Manche Eltern setzen allerdings nicht nur auf Lob, sondern belohnen das Kind für jeden Fortschritt mit Geschenken. „Für eine besondere Anstrengung kann auch ab und zu ein Geschenk verteilt werden. Dennoch sollte das Kind immer wissen, dass Liebe und Leistung zu trennen sind! Das Geschenk sollte nicht mit der Leistung verknüpft werden, sondern das Kind sollte spüren, dass es das Geschenk bekommt, weil seine Eltern es lieben“, so Stolz. Sein Kind jedes Mal, wenn es aufs Topferl geht, mit einem Geschenk zu belohnen, ist also nicht Sinn der Sache. Außerdem entsteht beim Kind dadurch eine zu große Erwartungshaltung.
Fördern, nicht überfordern
Eltern müssen lernen, ihr Kind zu fördern, ohne es zu überfordern. Es heißt, kleine Schritte zu machen, geduldig zu sein und nicht zu viel zu wollen. Das gilt für die Eltern ebenso wie für das Kind. Vergleiche mit anderen Kindern sollte man vermeiden und sich lieber auf das eigene Kind konzentrieren. Gelingt etwas nicht, ist es hilfreich, die angestrebte Tätigkeit zu filetieren und so Schritt für Schritt zum Ziel zu gelangen.
Wenn es das Kind zum Beispiel nicht schafft, ganz auf eine Kletterwand zu steigen, kann man dem Kind vorschlagen, zu schauen, ob es es schon bis zu dritten Sprosse schafft. Wenn das Kind das dann erreicht hat und immer noch frustriert ist, kann man das schrittweise erhöhen. Bei Geschwisterkindern sollten Eltern darauf achten, dass sich die Kleineren im Bestreben, ihren älteren Geschwistern nachzueifern, nicht selbst überfordern, wenn die Herausforderungen nicht altersgerecht sind oder nicht ihrem Entwicklungsstand entsprechen.
Zur Selbstständigkeit gehört allerdings auch, seinem Kind zuzutrauen, Probleme selbst zu lösen. Es ist zwar für das Kind bequem, wenn Mama und Papa alle Steine aus dem Weg räumen, für das Selbstwertgefühl des Kindes ist es aber besser, wenn es selber, vielleicht mit ein wenig Hilfe der Eltern, zu einer Lösung kommt.
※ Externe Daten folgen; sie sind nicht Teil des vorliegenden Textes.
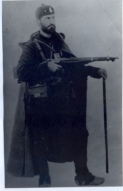 Portrait of Todor Alexandrov.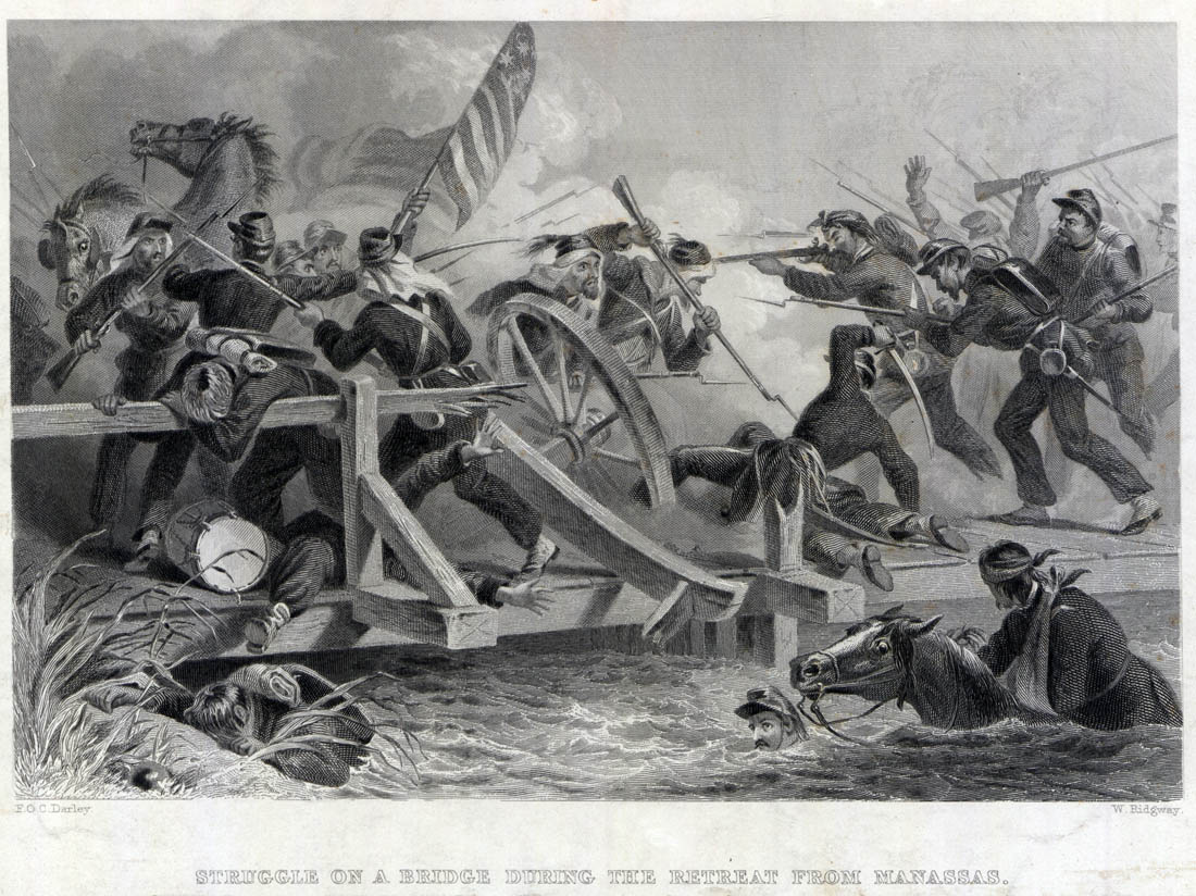 Bridge during the Retreat from Manassas, First Battle of Bull Run (First Manassas), Virginia, 1861. Engraving by William Ridgway based on a drawing by Felix Octavius Carr Darley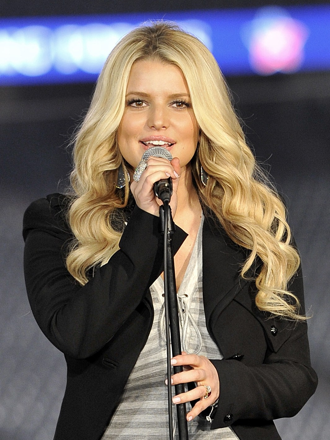 Jessica Simpson singing "God Bless America" to military families at the "Joining Forces with the Rockies: Celebrating Military Families" at Coors Field in Denver, on April 13, 2011.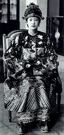 Empress Nam Phương on her wedding day, 1934. Royal portrait by unknown Nguyen Dynasty photographer, taken as a wedding photo of Nam Phuong and was widely used right after in French Cochichina.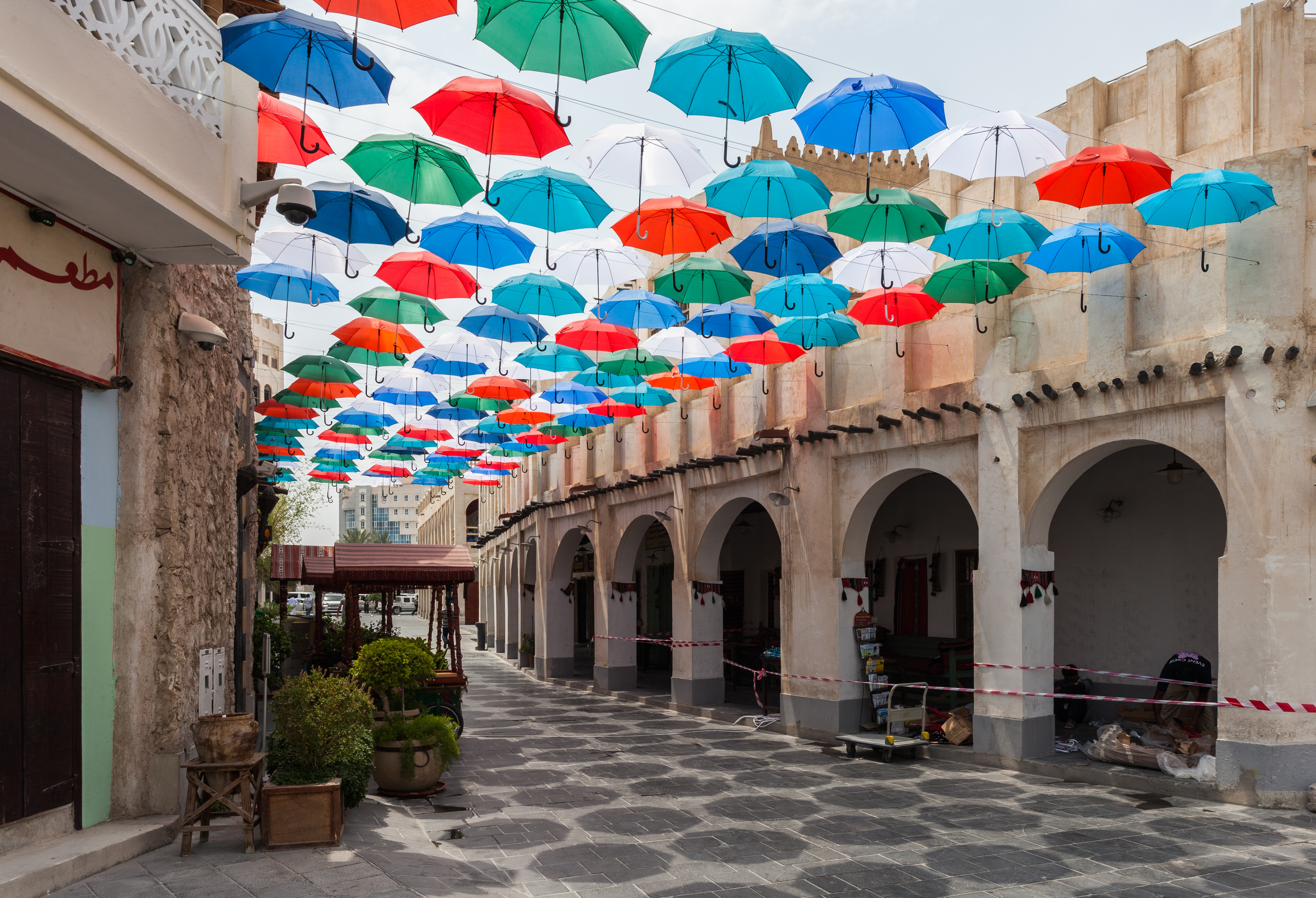 Souq Waqif, Doha, Qatar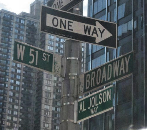 Jolson Way

Mit Misserfolgen umgehen lernen
Für den Selbstwert des Kindes ist es notwendig, dass das es nach Misserfolgen weiß, dass es nicht dumm und unfähig ist, sondern sich durch eigene Kraft aus einer schwierigen Situation befreien kann. Eltern müssen diese Strategie mit den Kindern üben.
Nicole Stolz
www.coachingnetwork.at
Altersgerechte Aufgaben
Kindern kann man auch im Haushalt Verantwortung geben, indem man ihnen altersgerechte Aufgaben zuteilt. Schmutzige Wäsche in den Wäschekorb zu räumen, den Tisch zu decken oder das Spielzeug selbstständig wegzuräumen sind Tätigkeiten, die auch schon kleinere Kinder schaffen. Wichtig ist dabei, am Ball zu bleiben, auch wenn wieder ein schmutziges Shirt auf dem Kinderzimmerteppich landet. „Ich räume zu Hause den Geschirrspüler aus und decke gemeinsam mit meiner kleinen Schwester den Tisch. Das habe ich auch schon im Kindergarten immer gemacht“, erzählt Emil.
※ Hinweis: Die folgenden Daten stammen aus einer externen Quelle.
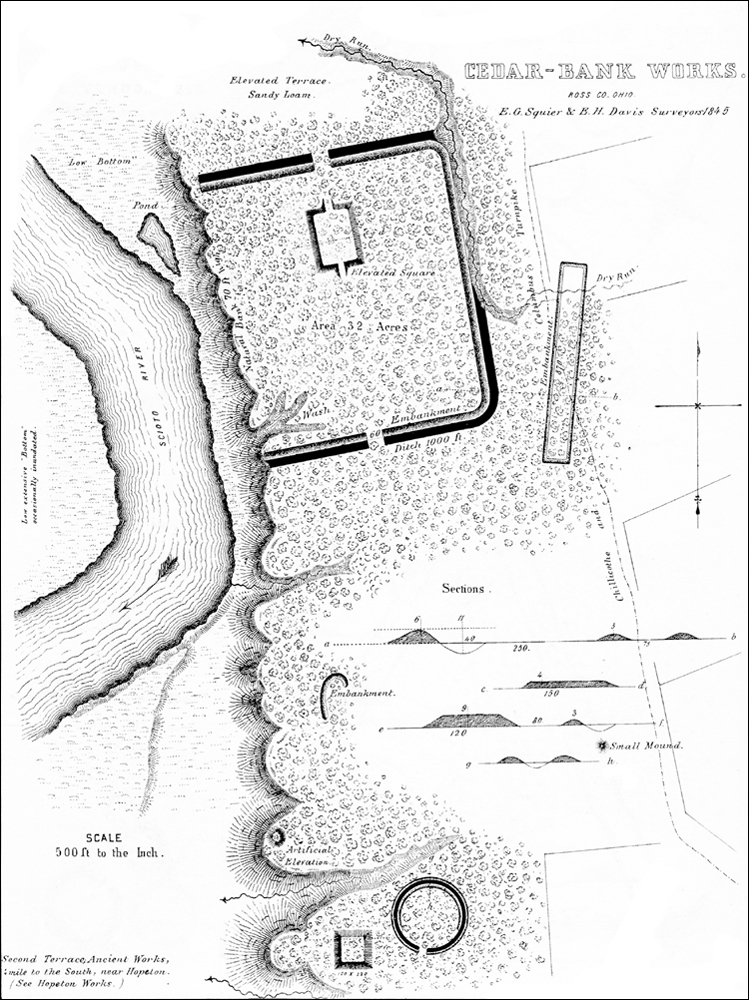 Squier and Davis engraving, plate number XVIII, of the Cedar-Bank Works in Ross County, Ohio.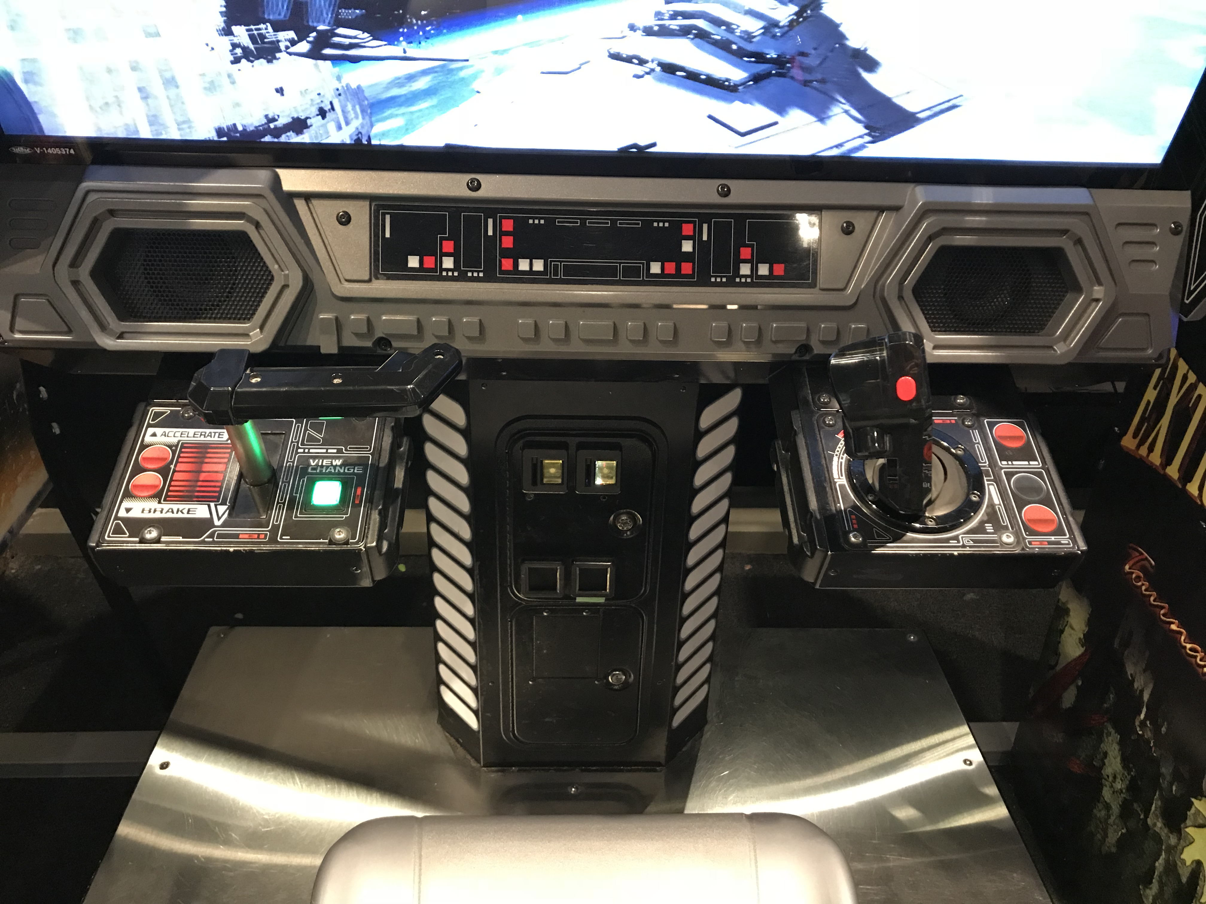 Star Wars: Battle Pods arcade game located in the arcade of the SilverCity Yonge-Eglinton Cinemas, Toronto, Ontario, Canada.

Eigene Entscheidungen treffen lassen
Man sollte Kinder auch altersgerecht in Entscheidungen miteinbeziehen. Die Auswahlmöglichkeiten muss man allerdings vorselektieren, damit das Kind nicht überfordert wird. Am besten lässt man es aus zwei Möglichkeiten wählen. Kleinere Kinder kann man entscheiden lassen, was sie anziehen möchten oder welches Pausenbrot sie in den Kindergarten mitnehmen wollen. Auch ob sie am Sonntag lieber in den Zoo oder ins Museum gehen möchten, kann man die Kleinen entscheiden lassen, ebenso ob sie bei Oma und Opa schlafen möchten oder ob sie am Samstag einen Freund einladen wollen. Entscheidungen treffen zu dürfen, stärkt das Selbstbewusstsein des Kindes.
Allein zur Schule?
Die Frage, ab wann ein Kind allein den Schulweg meistern soll, beschäftigt viele Eltern. Hier gilt es, das Kind nicht zu überfordern. Ist der Schulweg kurz, wird es das Kind früher schaffen, allein zur Schule zu gehen. Ist die Schule aber weiter weg und nur mit dem Bus, der Straßenbahn oder dem Fahrrad zu erreichen, sollte man mit dem Kind gemeinsam entscheiden, ob es sich den Schulweg zutraut.Es ist zu empfehlen, mit dem Kind den Schulweg öfters zu üben und ihm zu zeigen, was es machen soll, wenn es den Bus versäumt oder wenn das öffentliche Verkehrsmittel nicht kommt.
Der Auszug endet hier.